Suppose the input text says:

“Flight 2280 from San Francisco departs at 6:00 PM.”

Before sending it to text-to-speech, the text must be broken down into semantic units, emphasising the flight number and departure time. In other words, we should perform the text normalization first.

What you actually get is a microservices architecture running on Kubernetes, designed to handle unpredictable traffic patterns. Some components must run as stateful services with persistent data storage, while others can be deployed as stateless services.

Beyond the core speech recognition and synthesis modules, there is an infrastructure to keep the entire architecture working together: a set of common services, a set of media services, and an authentication layer. And since nothing works securely without proper authentication today, the system dedicates as many as six separate services just to handle it.

How to Choose a Testing Tool for SpeechKit

Technical requirements

  • Asynchronous by design. That’s the nature of these use cases. You can’t realistically test streaming TTS/ASR in a synchronous, offline request/response model.
  • Speaks Google Protocol Buffers (Protobuf). This is SpeechKit’s primary wire format.
  • Enables side-by-side comparisons across vendors and criteria. The market is young and crowded; cheaper ≠ better.
  • Handles complex target-system configurations. Must account for combinations of environment variables across multiple services.
  • Runs inside Kubernetes. The system under test (SUT) is typically deployed on K3s/K8s.
  • Supports non-standard usage scenarios. For example, launching from a Jupyter session to a remote host, or traversing a chain of jump/bastion hosts.
  • Accepts domain-specific inputs. Audio corpora plus speech annotations (transcripts, timestamps, labels).
  • Supports automation at scale. ML model outputs are non-deterministic: try to synthesize the same prompt 10 times and you’ll get 10 slightly different results.
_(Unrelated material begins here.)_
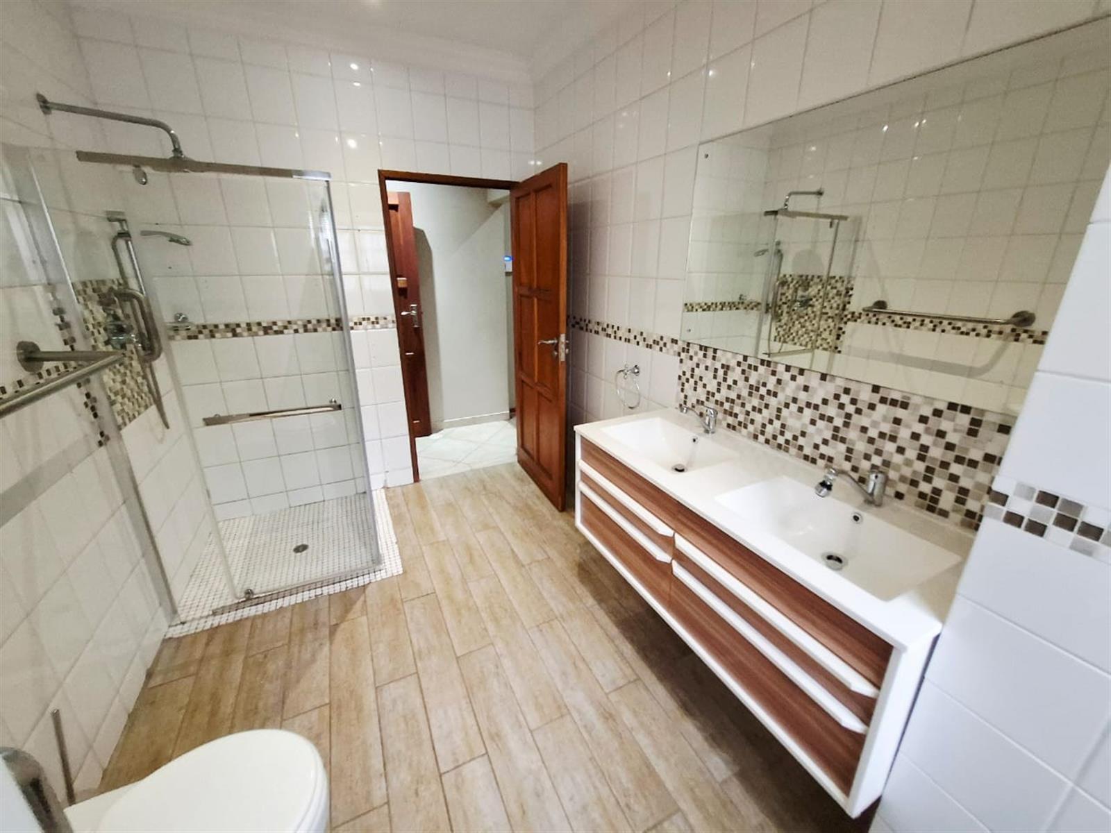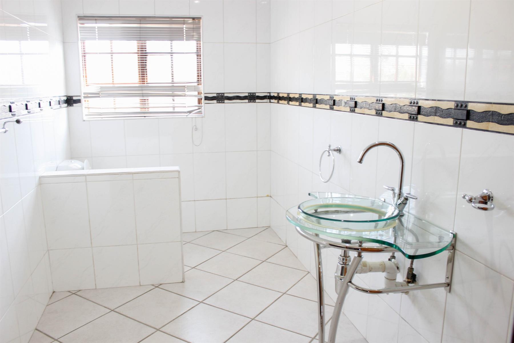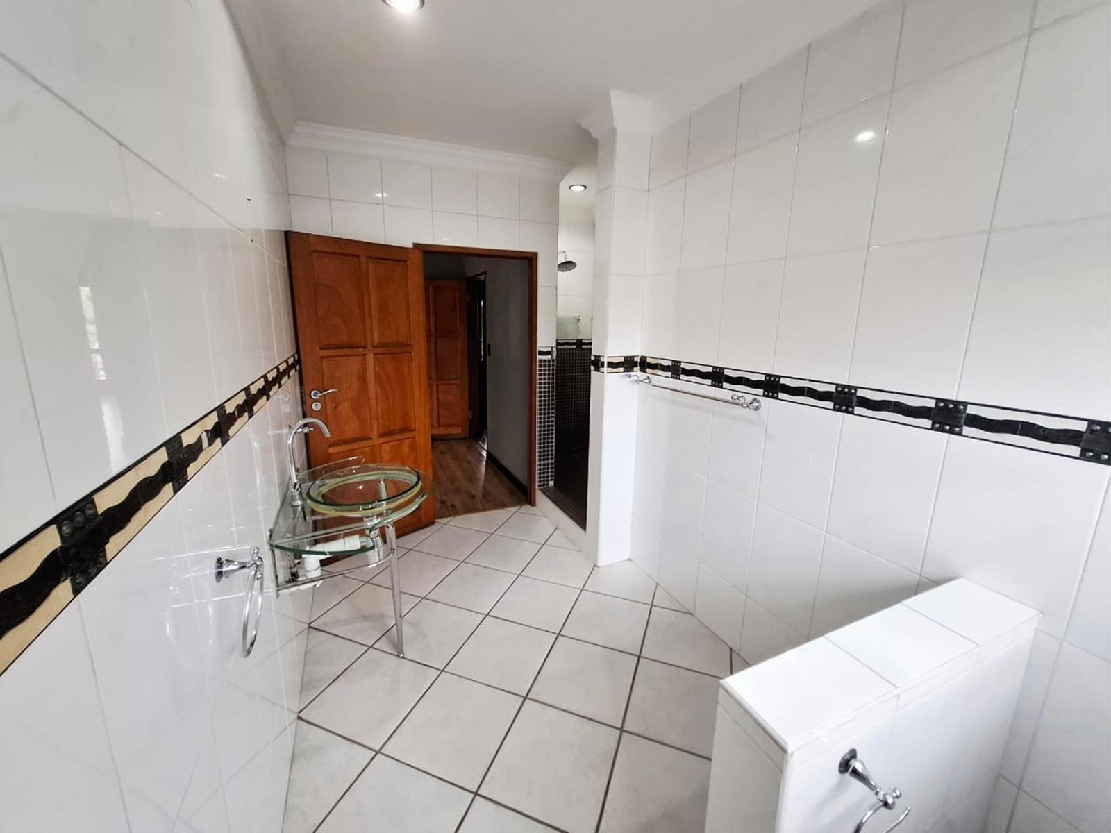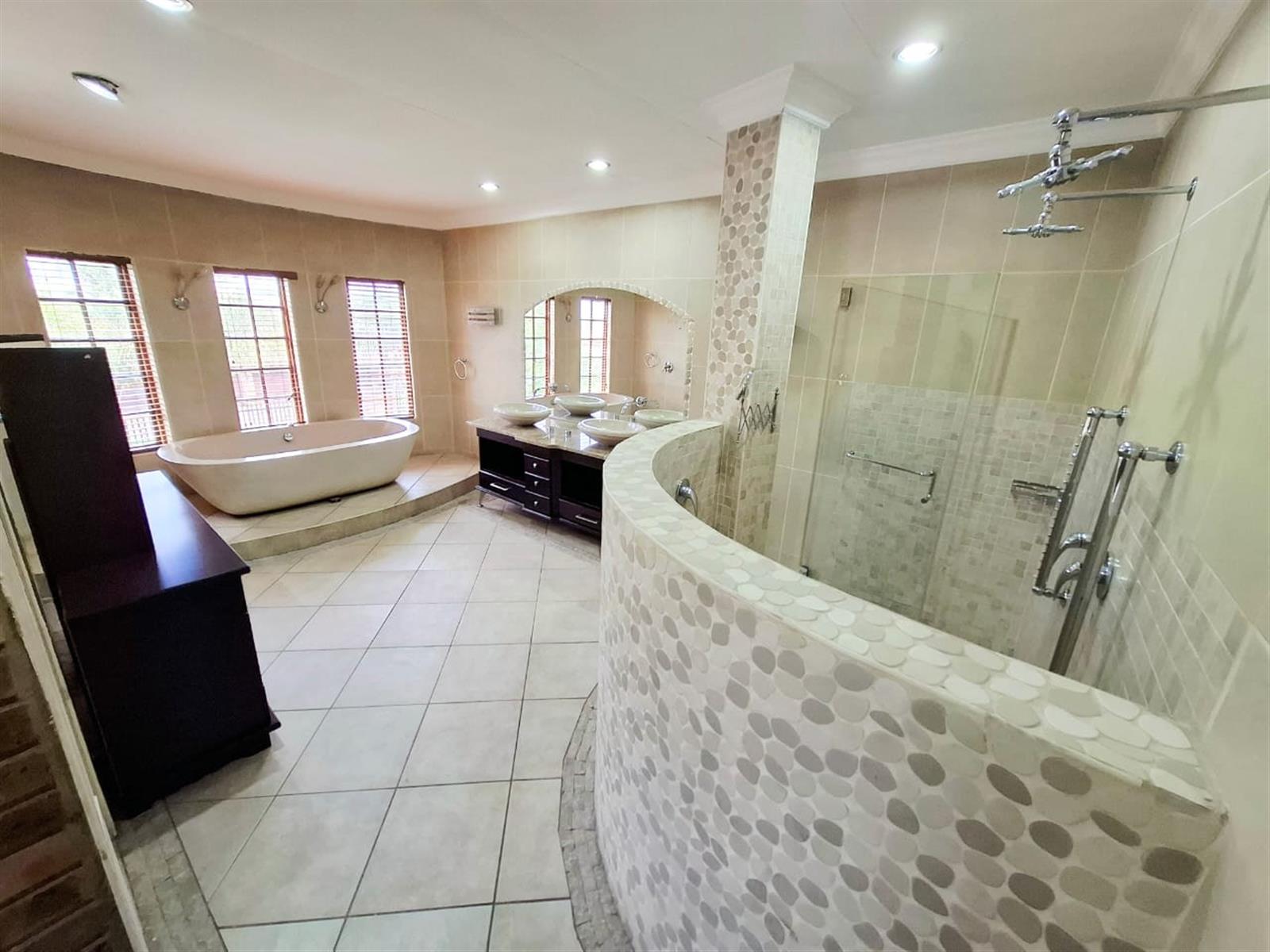The flatlet, which may be connected to or separate from the main residence, is a self-contained living space designed with the same commitment to comfort and style. It offers an open-plan lounge and kitchen, fitted with light wood-look cupboards and marble countertops, creating a fresh and functional design. The bedroom includes double walk-in closets and sliding doors that open to the patio, welcoming natural light and outdoor flow. The bathroom, situated off the living area, features a shower and double vanities, ensuring both convenience and luxury. Perfect for guests, extended family, or live-in staff, this flat provides independence while maintaining harmony with the main home.

Large-batch human review is impossible to scale.

Project requirements

  • Adapts quickly to contract (proto) changes. Contracts evolve frequently: schemas and validators must be updated without breaking test scenarios.
  • Works with dynamic metrics. Metrics and target benchmarks also change often — ideally, they should be swapped without rewriting tests.
  • Supports high-velocity ML experimentation. ML teams generate lots of hypotheses and expect rapid validation, so tests must provide fast feedback.
  • Respects constraints of the dev team. Developers have plenty of code but limited time; setup and integration should be minimally burdensome.
  • Allows flexible reporting formats aligned with business goals. Reports should adapt to quarterly KPIs.
  • Makes it easy to onboard new datasets. Each dataset can bring a new input format. For example, adding emotion-recognition requires a fundamentally different dataset with specialized annotations.
  • Enables regression against prior versions. Teams should quickly check performance and compare it with previous releases.
  • Can run tests in production environments. Sometimes that’s the only way to get results that are truly representative of real-world conditions.

SpeechKit testing serves multiple purposes:

  • Determine performance limits on current hardware.
  • Evaluate the impact of new models and configurations.
  • Validate stability across releases.
  • Benchmark against competitors on the same datasets.

And most importantly, not just measuring throughput, but also ensuring that the quality remains acceptable.

Load Profile

To picture a load profile for speech recognition, just imagine a phone booth. Someone steps inside, has a conversation, hears voices, speaks — and everything gets transcribed.

speech kit load testing stt profile

Our virtual user serves as that phone booth, trying to digitize all incoming voices. As input, we can feed either structured data (JSON annotations + audio files normalized into a single format), or just raw audio that must first be processed through FFmpeg to make it compatible. The output comes as Protobuf messages containing either plain-text transcripts or JSON descriptions.

speech kit load testing tts profile

For speech synthesis, the analogy is a broadcaster: they constantly receive new text and keep voicing it. We need to spin up as many of these virtual users as possible and keep them running. The output is usually an audio stream, which we may further process through FFmpeg.

The ultimate goal of load and performance testing is to determine how many such “phone booths” and “broadcasters” we can run on the available GPUs.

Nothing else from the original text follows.